Published on Friday, February 24, 2006 by the San Francisco Chronicle
Free-Trading Away America's Security
by David Sirota
At first glance, it seems strange that President Bush threatened to use the first veto of his presidency to defend the right of the United Arab Emirates to manage six major U.S. ports.
It was certainly an extraordinary move. Bush, who bills himself as "tough" on terrorism, went to bat for the United Arab Emirates against the wishes of his own security experts and his own Republican colleagues in Congress, who noted that the Emirates has known ties to the Sept. 11 terrorists and Osama bin Laden. Why?
As an explanation, Bush publicly pointed to the merits of foreign investment. Foreign investment, of course, can be positive when it fuels the domestic economy but when it comes to America's ports, the extra security precaution of mandating American ownership and control far outweigh the economic benefits of foreign investment by a country such as the United Arab Emirates.
In 1999, Emirates officials were happily commiserating with bin Laden in Afghanistan. According to the Sept. 11 commission, these officials also provided "one of the Taliban's only travel and financial outlets to the outside world." This, at the same time as the Emirates rejected U.S. requests to crack down on terrorist financing. Today, the State Department's Web site about the Emirates notes the serious anti-American threats there.
So again, why? Because this is about far more than just one deal with one company or one country.
The Bush administration is unquestionably the most corporate-controlled administration in recent history, which means the White House doesn't sound the alarm unless corporate America is sounding the alarm. The veto threat is about preserving the rules of so-called "free trade" that big business relies on to maximize profit and that guide America's global economic policy.
Right now, the White House is putting the finishing touches on one of these free-trade agreements with the Emirates. If security concerns overturn the port deal -- and Dubai Ports World has offered to delay the takeover because of such concerns -- the free-trade accord and a subsequent Mideast regional trade pact will be jeopardized.
Free trade is all about allowing corporations to move capital wherever they please, without regard to the labor, human rights, environmental and -- yes -- security consequences of those moves.

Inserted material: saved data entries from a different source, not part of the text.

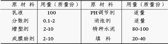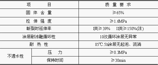 注:按其聚灰比不同分为I类、II类。I类适用于地下室、厕浴间、水池等防水工程;II类适用于工业与民用建筑屋面、外墙等防水工程。本表摘自福建省宁德市建工防水材料工程有限公司企标Q/NDJF01-2001《聚合物水泥复合弹性防水涂料》。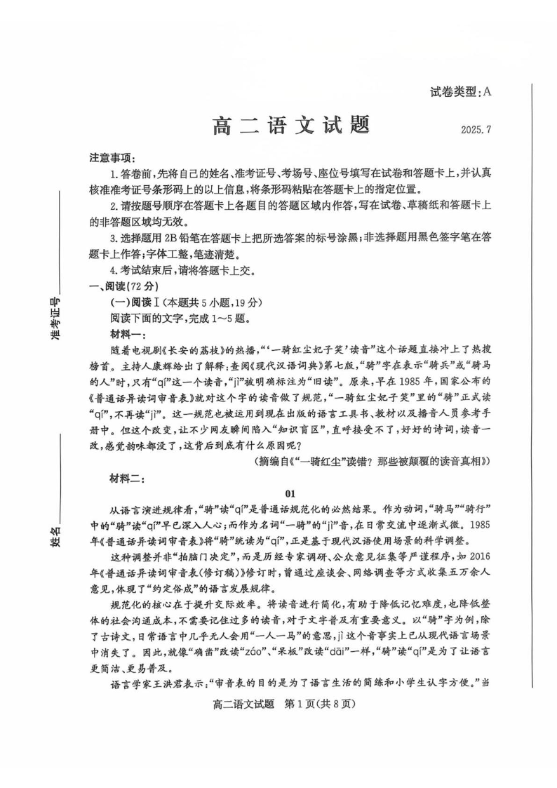 高二语文+答案--山东省滨州市2024-2025学年高二下学期期末考试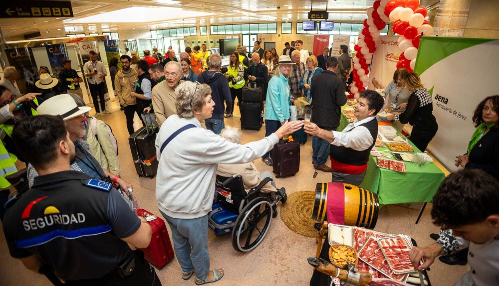 Entre mayo y octubre-noviembre, hay tres vuelos semanales entre Jerez y Reino Unido, de una aerolínea que palpa "el interés" del turista británico, al que agasajan, como en este primer vuelo, para que "cuando vuelvan a casa hablen maravillas del destino y este boca-oreja nos beneficie".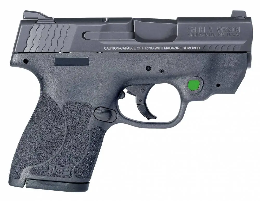 Smith & Wesson M&P pistols have a reinforced polymer chassis, superior ergonomics, and proven safety features. In designing the M&P, S&W considered the needs of military and law enforcement from every conceivable angle, so the M&P is the standard in reliability. M&P's patented take-down lever and sear deactivation systems allow for disassembly without pulling the trigger. The M&P Shield is easy to conceal, offering professional grade features with simple operation and reliable performance day or night. It puts the power and features of full sized M&P pistols into a slim, lightweight pistol the size of your hand. M&P M2.0 models feature aggressive grip texture for enhanced control, M&P M2.0 crisp trigger with lighter trigger pull, and a tactile and audible trigger reset. The stainless steel barrel and slide have an Armornite corrosion-resistant finish. This model has a black frame and slide finish, no thumb safety, and 3-dot sights. It includes a green Crimson Trace laser, one 7-round magazine and one 8-round extended grip magazine.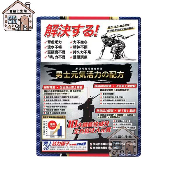 1 男士30歲後身體機能 (男性元氣) 按年遞減,腎力不足,無論體力、活力、持久力、實力亦續漸下降,同時前列風險隨之增加,大大削減魅力和自信。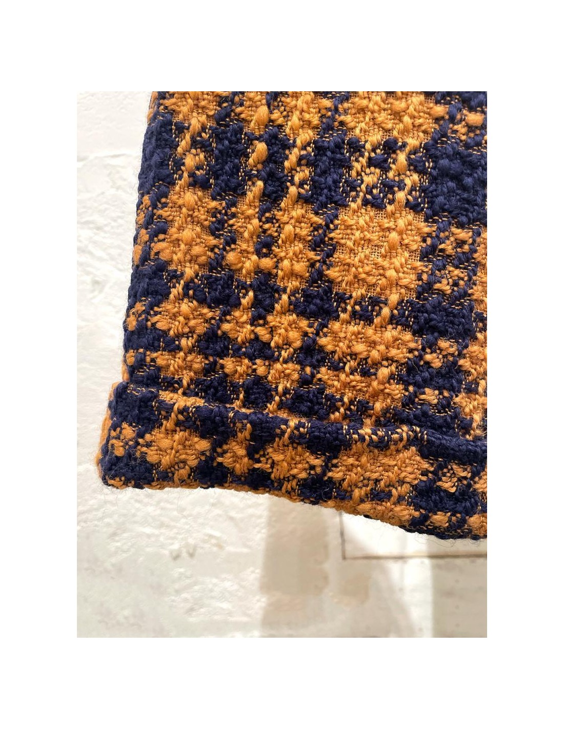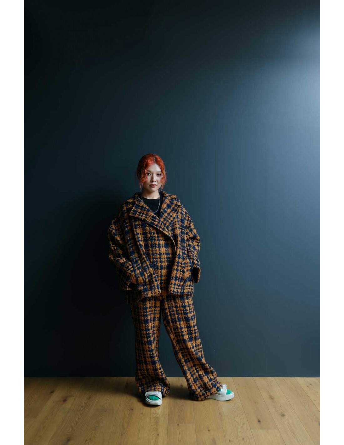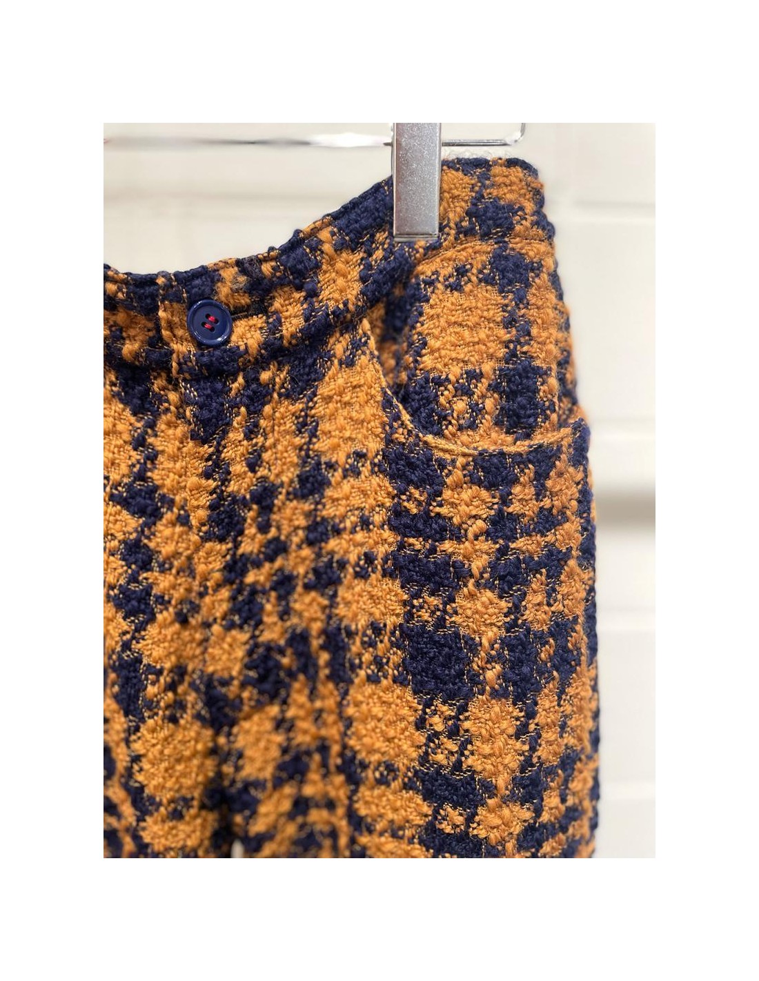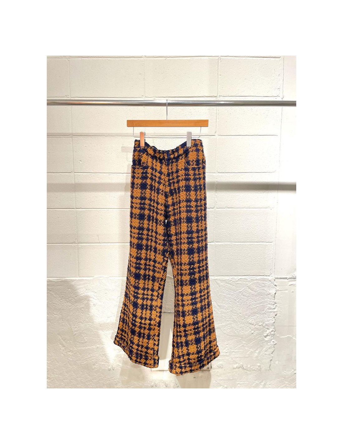 色合わせがかわいい千鳥柄のウール混の生地を全面に使用したこちらのパンツは裾にむかって広がるオーバーサイズのワイドパンツ。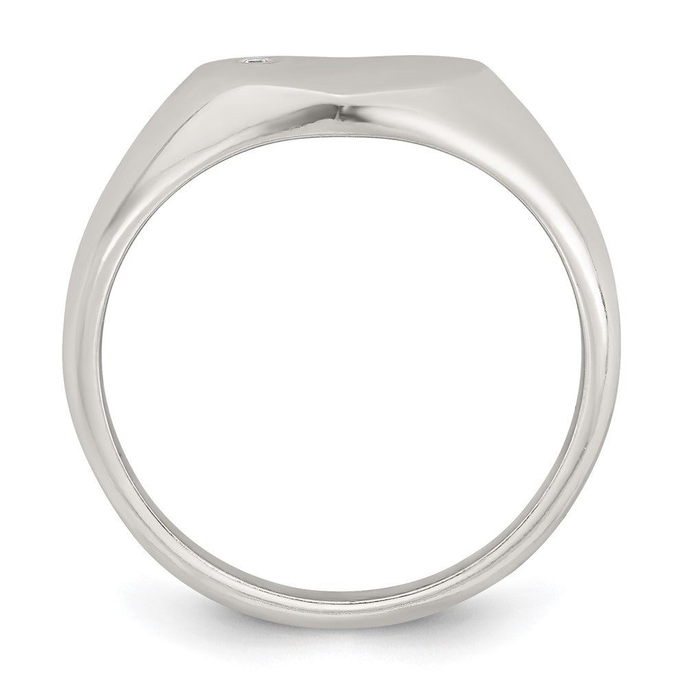Sterling Silver Polished White CZ Heart Size 6 Signet Ring

Nixing the Emirates port-security deal could set a new precedent, whereby our government would include security precautions in its trade policy and more aggressively regulate commerce based on those precautions.
That shift would create a new standard that could impede the as-yet uninhibited quest for profits. Put another way, trade policy would become not quite as free as big Business would like. Such a precedent would have global implications.
Suddenly, the public might want Congress to re-evaluate corporate subsidies with an eye to security. We might see a push, for instance, to rescind the billions in taxpayer-backed loans Congress provided last year to Westinghouse to build nuclear power facilities in China. The public might demand stricter security standards governing technology transfers and ownership privileges in future trade accords. Again, these moves are basic steps to protect our country -- but they would get in the way of companies who have eyes only for the bottom line.
This is why the president threatened his veto. His reflexes are trained to defend the corporate interests that bankrolled his political career. These are the same reflexes detailed in a September Government Accountability Office report chastising the Bush administration for employing overly narrow definitions of national security to expedite questionable transactions such as the Emirates port deal. Though President Bush won't admit this is what motivates his behavior, others are admitting it on his behalf.
Take Homeland Security Secretary Michael Chertoff. Days ago he said of the Emirates deal, "We have to balance the paramount urgency of security against the fact that we still want to have a robust global trading system." He's technically right, of course -- we do have to balance those needs. But coming from him, the comments were telling. Could the Bush administration's skewed priorities be any more visible?
Similarly, the New York Times this week quoted a corporate consultant who says that Congress' concerns about the port security deal are "totally illogical." Why? Because, he says, "The location of the headquarters of a company in the age of globalism is irrelevant." This is free-trade fundamentalism. Companies, of course, can't be blamed for being governed by it -- they are in the business of making money, nothing else. But there is a clear danger to America when free-trade fundamentalism becomes government policy, as it has become today.
In recent years, this fundamentalism convinced politicians to ink trade deals with Mexico that discarded labor and environmental standards. It convinced politicians to agree to accords with China that wave off basic human rights. Now, perhaps most incredibly, it convinced a supposedly "tough-on-terrorism" president to brandish his veto pen in defense of a policy that threatens America's national security. That fundamentalism may make the president's big donors happy, but it needlessly endangers our country in the post-Sept. 11 world.
David Sirota is the author of "Hostile Takeover" (Crown Publishers, May 2005) and co-chair of the Progressive Legislative Action Network (www.progressivestates.org), a research and advocacy organization supporting state lawmakers.